**What you have to do:** The lines you should transcribe are those from the one containing "static修饰局部变量时,其实实质上改" to the end of the listing below, exactly, with pictures left out.
+ + + + +
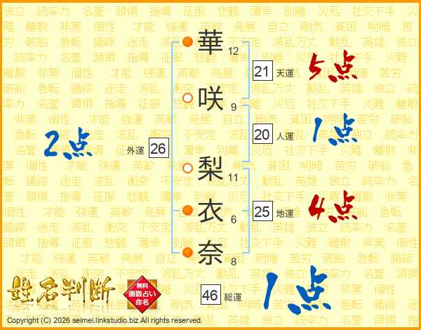 華(12画)咲(9画) 梨(11画)衣(6画)奈(8画)
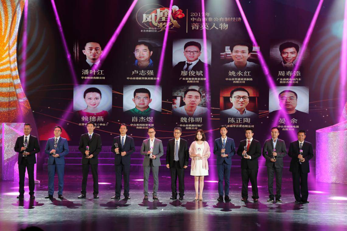 在2017 年中山市非公有制经济凤凰奖评选活动中,华帝股份有限公司董事长潘叶江等 10 位年轻的民营企业家,被评选为2017 年中山市非公有制经济凤凰奖“菁英人物”。这些年轻人正带领团队推动企业持续发展、不断超越、勇立时代潮头。
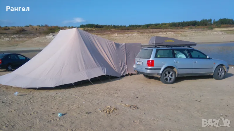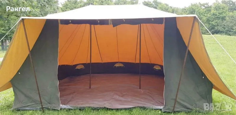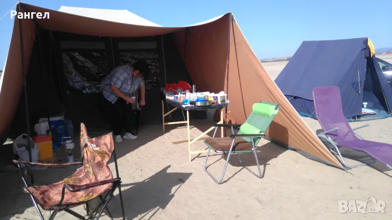 Продавам голяма холандска палатка Vergrote Zilvermeeuw. Води се за 6 места , но побира повече . Пред нея има сенник 2 метра . Дъното е винил. Не изпращам по куриер .
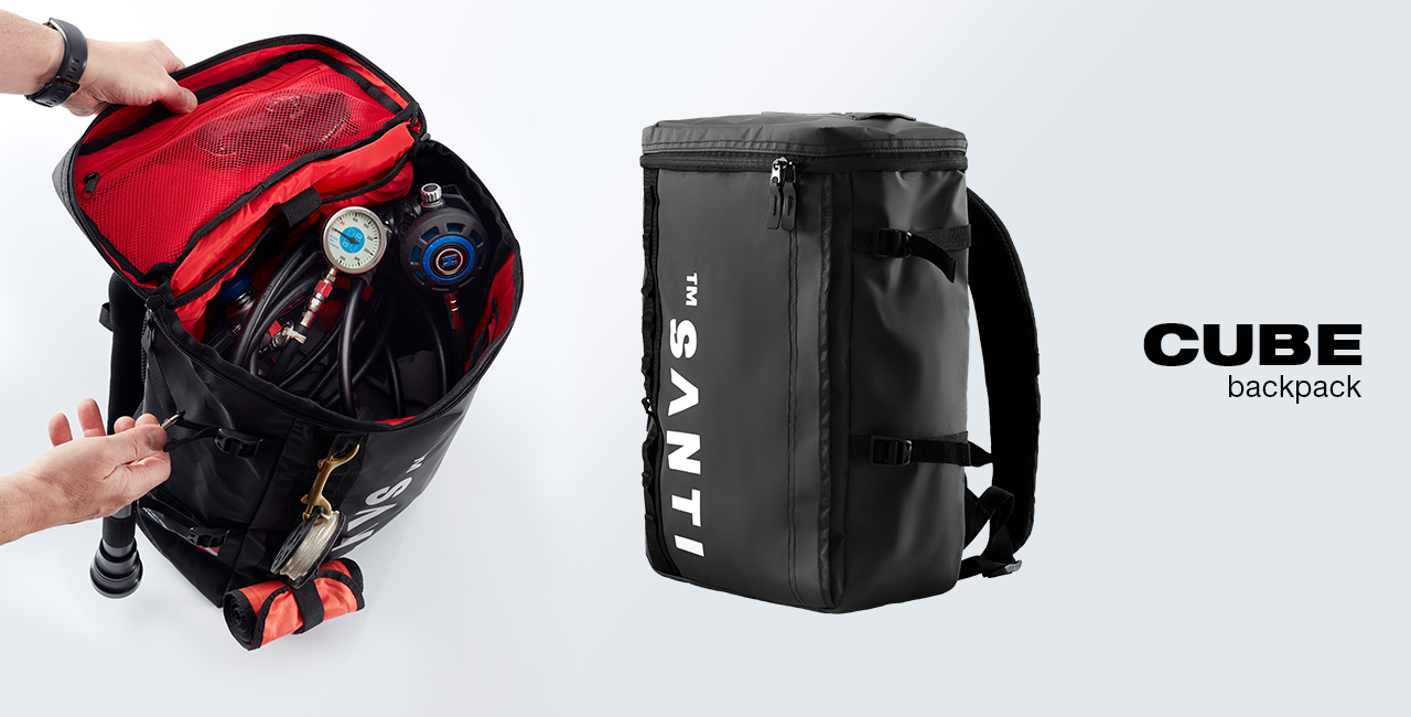The CUBE backpack is great for everyday use or during diving trips, city trips or out of town trips. It is designed to meet the needs of every user with its multitasking. Due to its waterproof PVC material, side clamp straps and MOLLE type handles a CUBE backpack works great on a dive trip and also in the city. Due to its unique shape, it easily accommodates both small office accessories and documents or laptop. Unique rectangular shape designed for easy packaging and transport, makes it also great as hand luggage.
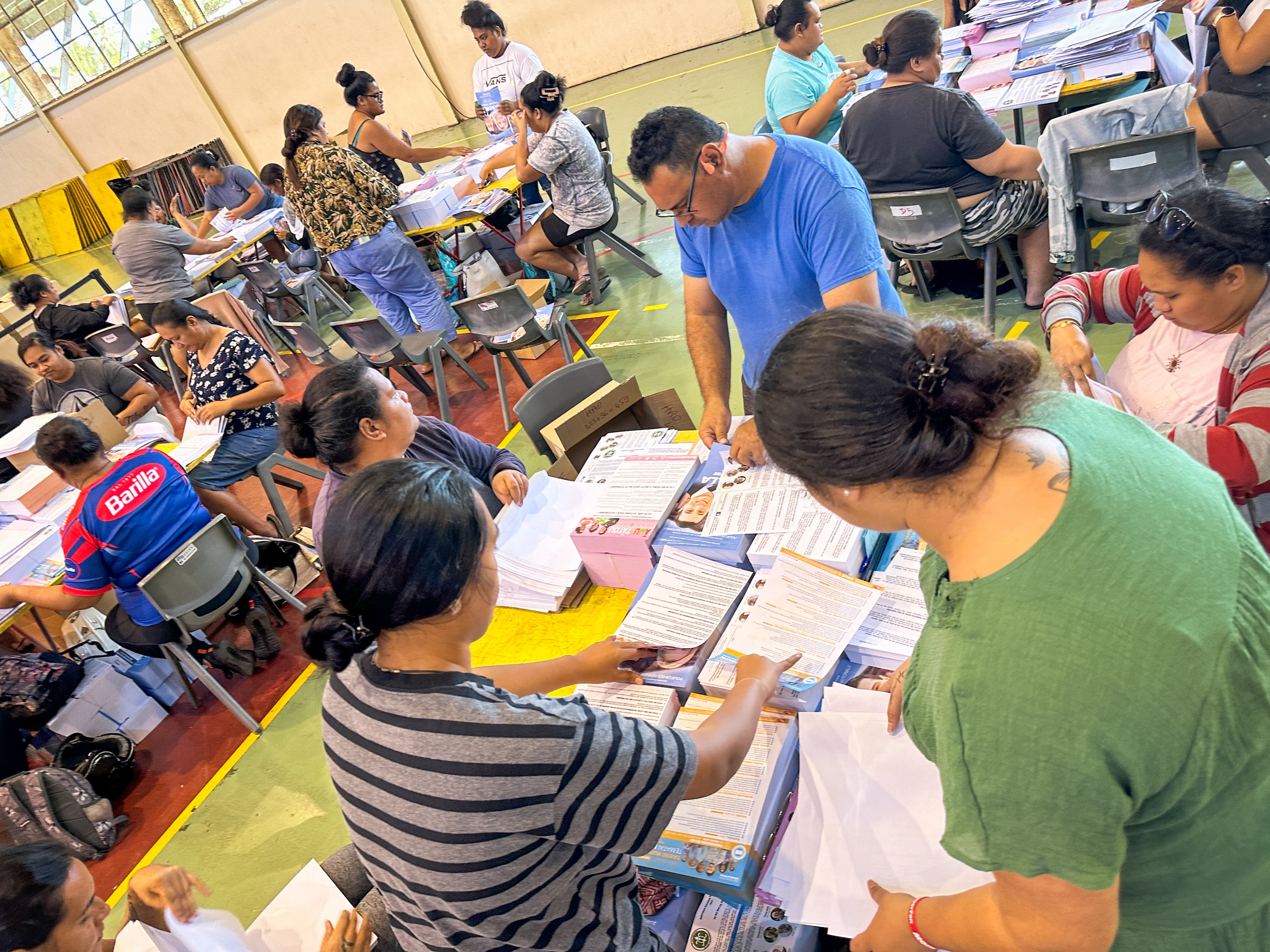 Tahiti, le 20 juin 2024 – Ce jeudi, au complexe sportif Boris-Léontieff de Arue, a eu lieu la mise sous pli des professions de foi et des bulletins de vote des prochaines élections législatives. Une organisation au pied levé pour le haut-commissariat mais qui a le mérite toutefois de profiter à certains acteurs locaux.
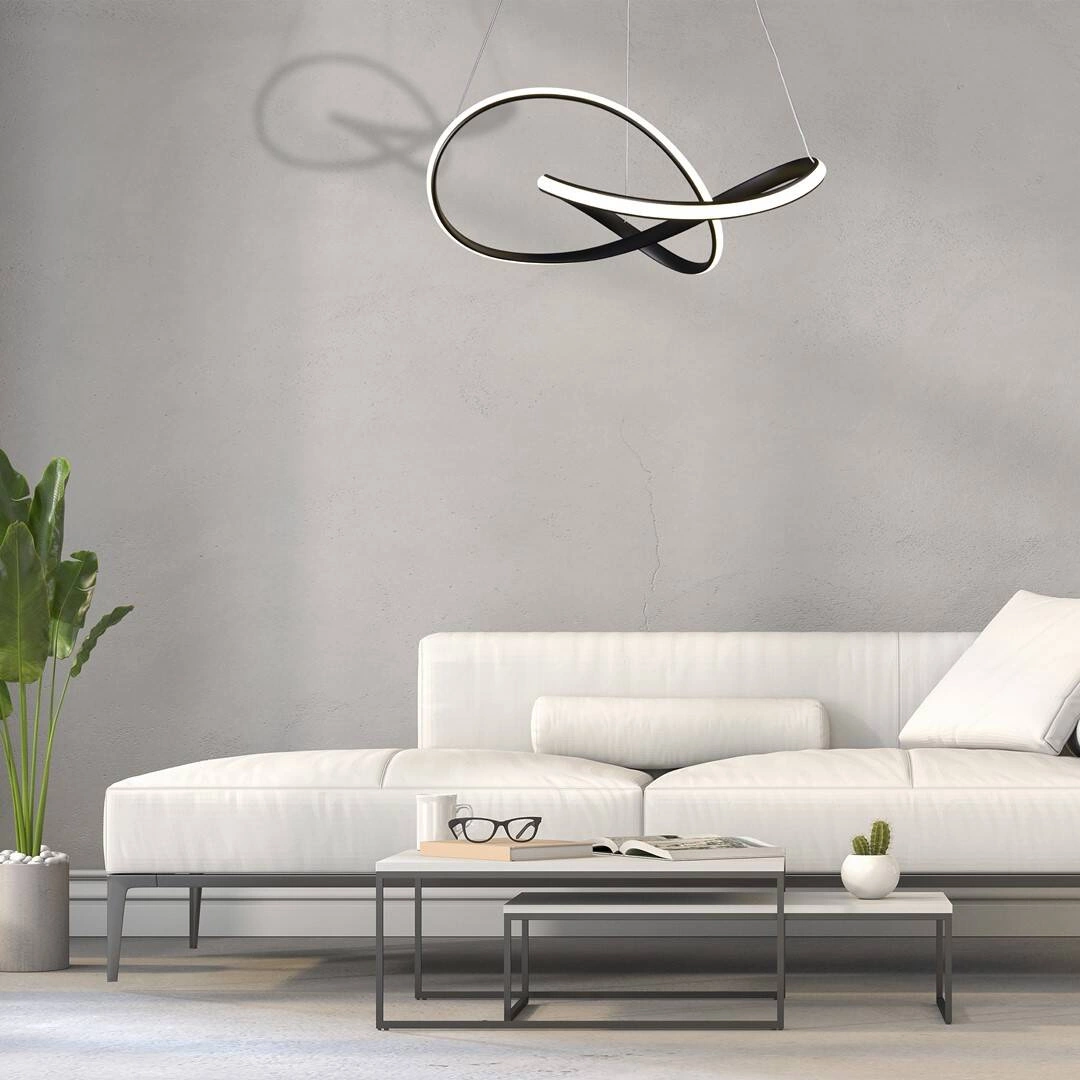 CAPPIO ML6771 to stylowa lampa wisząca z jednym źródłem światła. Wykonana została z wysokiej jakości metalu w kolorze czarnym, źródło światła ukryto pod mleczną osłoną z tworzywa. Elementem wyróżniającym lampy jest fantazyjnie powyginany klosz przypominający przeplatające się ze sobą ogniwa damskiej bransoletki. Oprawa będzie idealnym wyborem do wnętrz urządzonych w nowoczesnym stylu. Doskonale będzie się prezentować w: salonie, jadalni, sypialni, pokoju młodzieżowym, gabinecie, biurze, lokalu, kuchni. Dużym atutem jest możliwość regulacji wysokości. Wysokość maksymalna lampy to: 100 cm, szerokość 60 cm, głębokość 60 cm. Lampa posiada zintegrowane źródło światła LED o mocy 36W, neutralnej barwie 4000K i jasności 2160lm (źródło światła jest wymienne)
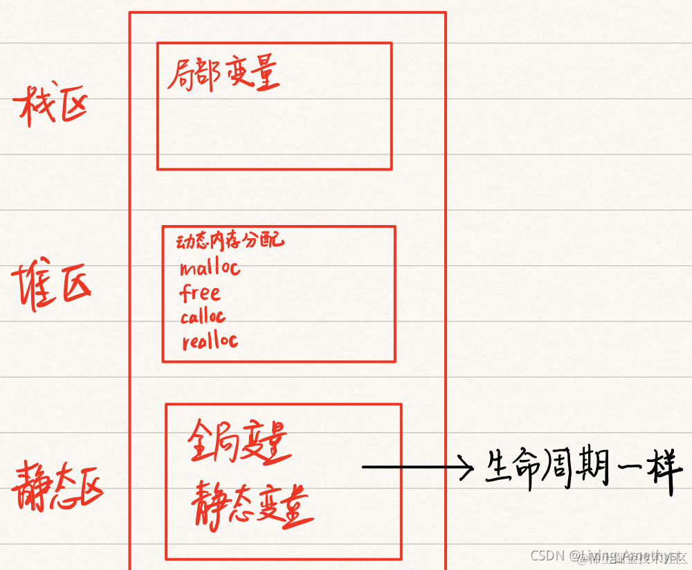 static修饰局部变量时,其实实质上改变的是变量的的存储类型(储)由栈区存储变为静态区存储),从而使得静态的的局部变量即使出了自己的作用域也不会被销毁,其实相当于改变了这个局部变量的生命周期,让静态局部变量出了作用域依然存在,到程序结束,生命周期才结束
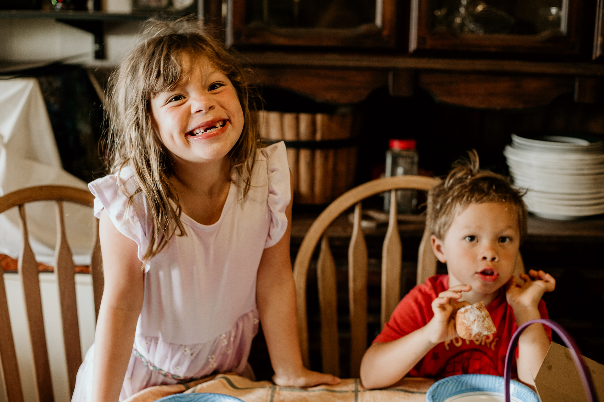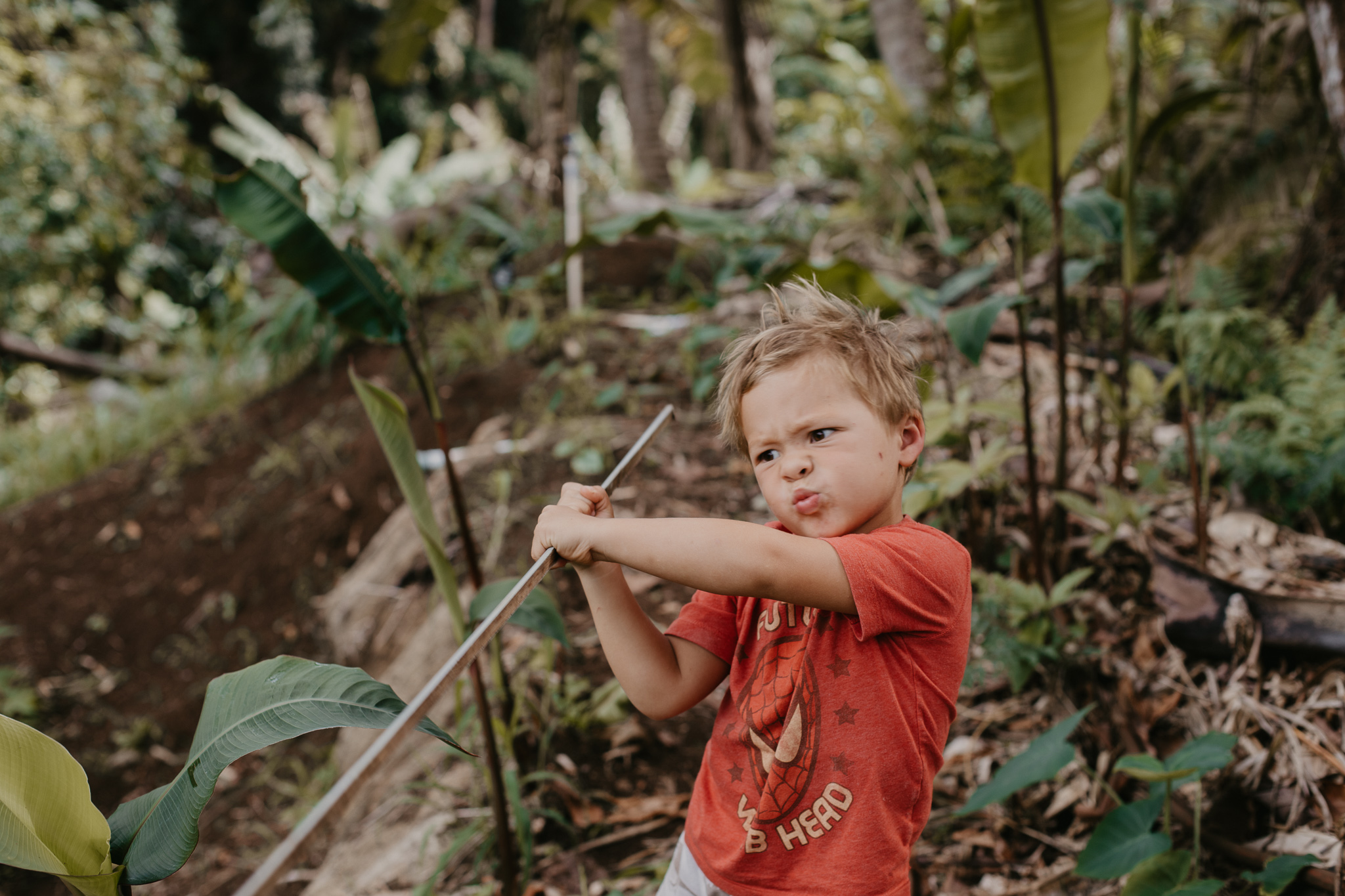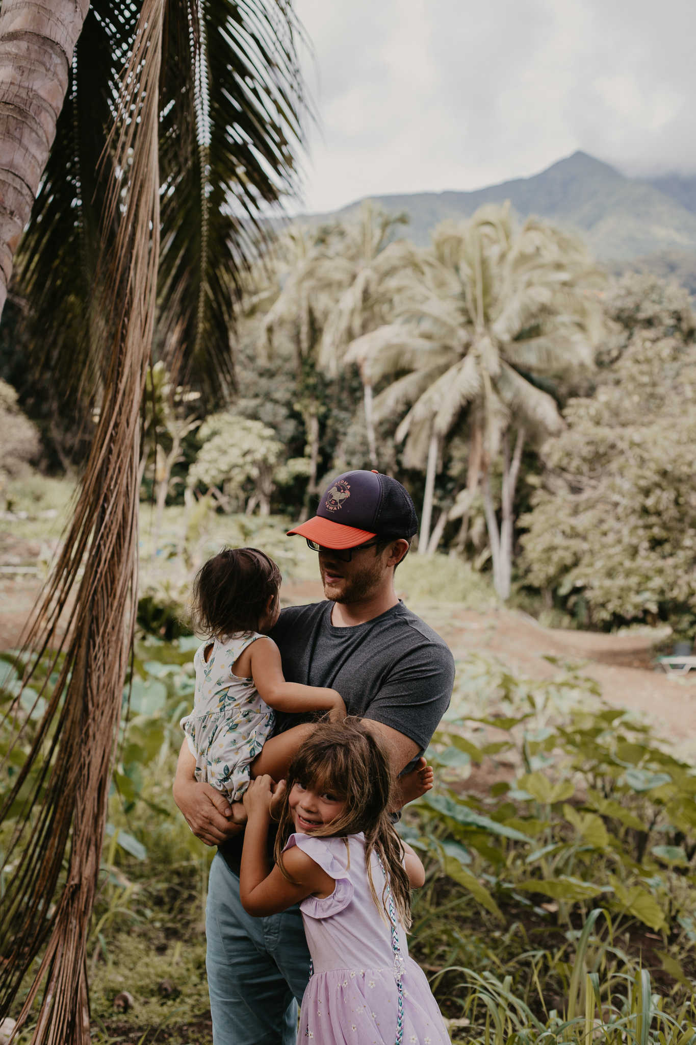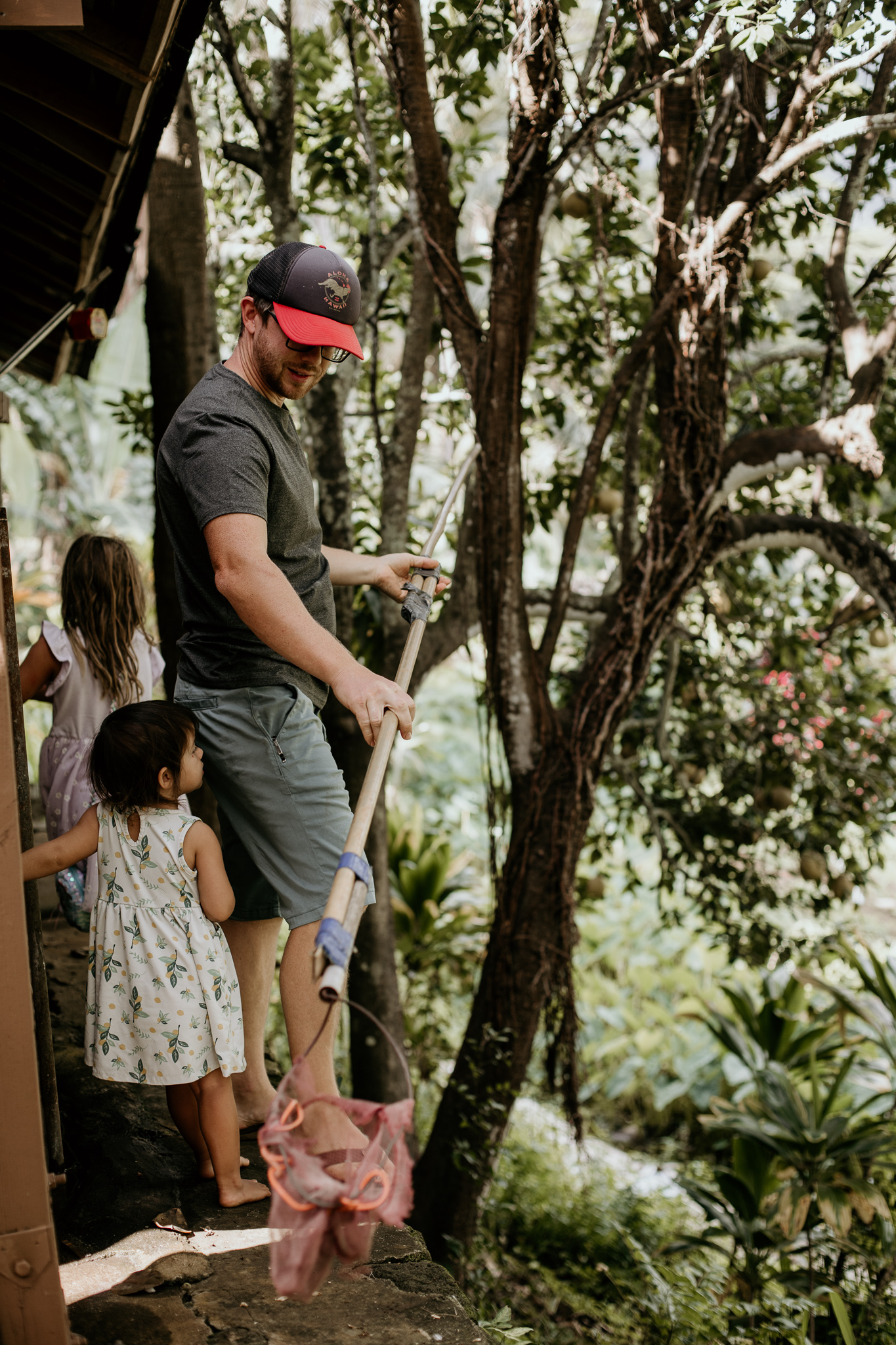 We wrapped up Ruby’s birthday weekend by visiting my Dad at the family farm. We brought fresh malasadas + my dad poured hot coffee while we laughed over what a fun day Saturday had been! After donuts, Ken and I took the kids on a long, leisurely hike up the valley at our family’s property, along the stream and beside a scenic cliff face, fishing for crawdads + identifying local plants with the kids. When they got too tired to hike further, we headed home with the kids, our car filled with fresh coconuts + avocados + taro plantings from my Aunty. I couldn’t have asked for a sweeter way to welcome in my daughter’s 6th birthday!
+ + + + +
**Exercise response:**
 static修饰局部变量时,其实实质上改变的是变量的的存储类型(储)由栈区存储变为静态区存储),从而使得静态的的局部变量即使出了自己的作用域也不会被销毁,其实相当于改变了这个局部变量的生命周期,让静态局部变量出了作用域依然存在,到程序结束,生命周期才结束
 We wrapped up Ruby’s birthday weekend by visiting my Dad at the family farm. We brought fresh malasadas + my dad poured hot coffee while we laughed over what a fun day Saturday had been! After donuts, Ken and I took the kids on a long, leisurely hike up the valley at our family’s property, along the stream and beside a scenic cliff face, fishing for crawdads + identifying local plants with the kids. When they got too tired to hike further, we headed home with the kids, our car filled with fresh coconuts + avocados + taro plantings from my Aunty. I couldn’t have asked for a sweeter way to welcome in my daughter’s 6th birthday!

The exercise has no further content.